The kinetics of assembly of the high-affinity interleukin-2 receptor (IL-2R)alpha/beta/gamma were investigated by studying intracellular and surface expression of IL-2Ralpha, beta and gamma by T cells, monocytes and natural killer (NK) cells. IL-2Ralpha and IL-2Rgamma were expressed by small numbers of resting T cells. These numbers increased following stimulation, to maximal expression at 48 h and 72 h, respectively. This observation was consistent with de novo synthesis of the receptor protein in response to the stimulus. The proportion of T cells producing IL-2Rbeta was smaller and up-regulated later than the proportion of cells producing IL-2Ralpha or IL-2Rgamma. IL-2Rbeta may therefore slow the assembly of the high-affinity IL-2R on T cells. A small number of resting NK cells expressed IL-2Ralpha, both on the cell surface and intracellularly, but this increased over 72 h on stimulated NK cells. IL-2Rbeta was constitutively expressed, both on the cell surface and intracellularly, by monocytes and NK cells. An increased proportion of NK cells and monocytes produced IL-2Rbeta, 24 h and 4 h post-stimulation, respectively. Maximal or plateau expression occurred at 72 h and 24 h post-stimulation, for NK cells and monocytes, respectively. The early up-regulation of intracellular IL-2Rbeta for monocytes may facilitate the up-regulation of surface IL-2Rbeta, and early assembly of the high-affinity IL-2R, accelerating monocyte activation and function. High constitutive intracellular IL-2Rgamma expression (> 80%) in all types of leucocyte investigated, decreased over the 72 h following stimulation with a concurrent increase in surface expression. IL-2Rgamma was expressed by increased proportions of T cells, monocytes and NK cells, 4 h following stimulation. The intracellular storage of IL-2Rgamma may accelerate translocation to the cell surface after stimulation. The early translocation of IL-2Rgamma may reflect its usage as a signal transduction molecule by other cytokine receptors - IL-4, IL-7, IL-9 and IL-15. This study delineated the potential expression of the high-affinity IL-2Ralpha/beta/gamma on various stimulated leucocytes. The differential kinetics of assembly of the high-affinity IL-2Ralpha/beta/gamma on different leucocyte subsets suggests that IL-2 may regulate the inflammatory cellular responses in a sequential manner, paralleling the timed expression of IL-2Ralpha/beta/gamma on the monocytes, NK cells and T cells.

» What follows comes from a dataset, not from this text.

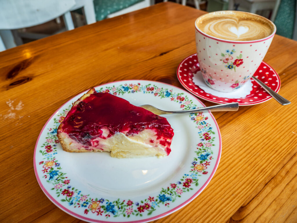 Ein wenig wie bei Oma In der kuscheligen Wohnzimmeratmosphäre schmecken die selbstgebackenen Kuchen und Torten wie von der lieben Oma. Ich entschied mich für den leckeren und nicht zu süßen Schmandkuchen mit Fruchtspiegel und eine Tasse Cappucino. Auch der Café schmeckt sehr gut, die Bohnen werden von der Rösterei Ottimo aus Gotha geliefert. Hier kann man sich den ganzen Tag über verwöhnen lassen, am Vormittag werden Frühstücksvariationen und nach 12 Uhr kleine Gerichte wie Gemüse- Quiche oder Paninis angeboten.

机译:通过研究T细胞,单核细胞和自然杀伤分子(NK)在细胞内和表面表达IL-2Ralpha,β和γ来研究高亲和性白介素2受体(IL-2R)α/β/γ的组装动力学。细胞。 IL-2Ralpha和IL-2Rgamma由少量静止的T细胞表达。这些数目在刺激后增加,分别在48小时和72小时达到最大表达。该观察结果与响应刺激而从头合成受体蛋白一致。产生IL-2Rbeta的T细胞比例比产生IL-2Ralpha或IL-2Rgamma的细胞比例更小,上调时间更晚。因此,IL-2Rbeta可能会减慢高亲和力IL-2R在T细胞上的装配。少数静止的NK细胞在细胞表面和细胞内均表达IL-2Ralpha,但在受刺激的NK细胞上增加了72小时。 IL-2Rβ通过单核细胞和NK细胞在细胞表面和细胞内组成性表达。分别在刺激后24小时和4小时,增加比例的NK细胞和单核细胞产生IL-2Rbeta。 NK细胞和单核细胞分别在刺激后72 h和24 h达到最大或平台表达。早期细胞内IL-2Rbeta对单核细胞的上调可能促进表面IL-2Rbeta的上调,并促进高亲和力IL-2R的早期装配,从而加速单核细胞的激活和功能。在所研究的所有白细胞中,高组成型细胞内IL-2Rγ表达(> 80%)在刺激后72小时内下降,同时表面表达同时增加。刺激后4小时,T细胞,单核细胞和NK细胞的比例增加,从而表达IL-2Rγ。 IL-2Rγ的细胞内储存可能会刺激后加速向细胞表面的转运。 IL-2Rγ的早期易位可能反映出它被其他细胞因子受体-IL-4,IL-7,IL-9和IL-15用作信号转导分子。这项研究描述了高亲和力IL-2Ralpha / beta / gamma在各种刺激的白细胞上的潜在表达。高亲和力IL-2Ralpha / beta / gamma在不同白细胞亚群上组装的动力学差异表明,IL-2可能以顺序方式调节炎症细胞反应,与IL-2Ralpha / beta / gamma的定时表达平行单核细胞,NK细胞和T细胞。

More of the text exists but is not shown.